> [What is required] Below are records with pictures. Reproduce exactly the lines from the line with "Ontario – www.eriecanalcamillus.com" to the line with "New SYC 2017 Members", inclusive, and leave each picture out.

> [Provided data]
* * *
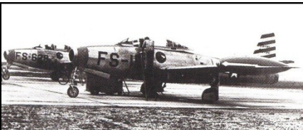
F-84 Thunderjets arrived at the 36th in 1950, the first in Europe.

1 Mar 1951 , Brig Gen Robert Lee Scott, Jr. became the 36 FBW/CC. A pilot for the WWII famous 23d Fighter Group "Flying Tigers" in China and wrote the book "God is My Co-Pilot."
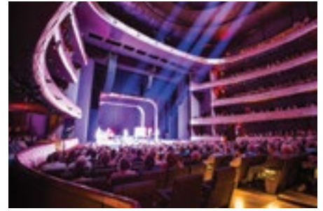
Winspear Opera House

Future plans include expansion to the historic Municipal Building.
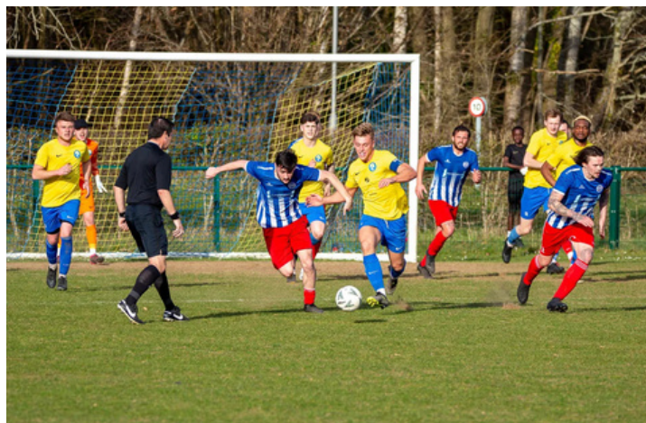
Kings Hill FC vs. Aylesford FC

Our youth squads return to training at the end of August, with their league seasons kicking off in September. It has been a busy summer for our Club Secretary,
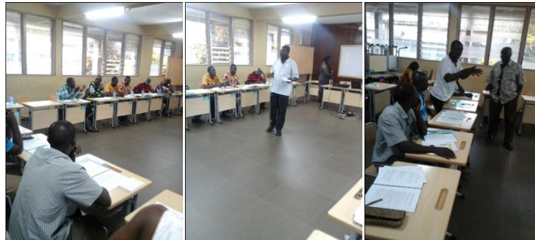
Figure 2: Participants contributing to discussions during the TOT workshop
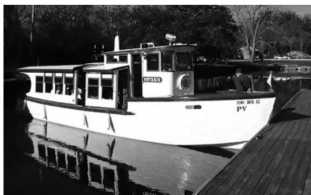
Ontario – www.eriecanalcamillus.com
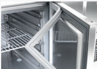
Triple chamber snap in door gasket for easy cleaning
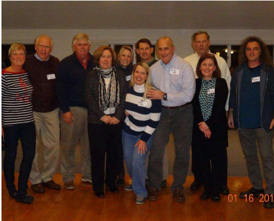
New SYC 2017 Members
* * *
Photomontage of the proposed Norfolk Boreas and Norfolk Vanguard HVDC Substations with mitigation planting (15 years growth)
* * *
> [Final answer]
Ontario – www.eriecanalcamillus.com
Triple chamber snap in door gasket for easy cleaning
New SYC 2017 Members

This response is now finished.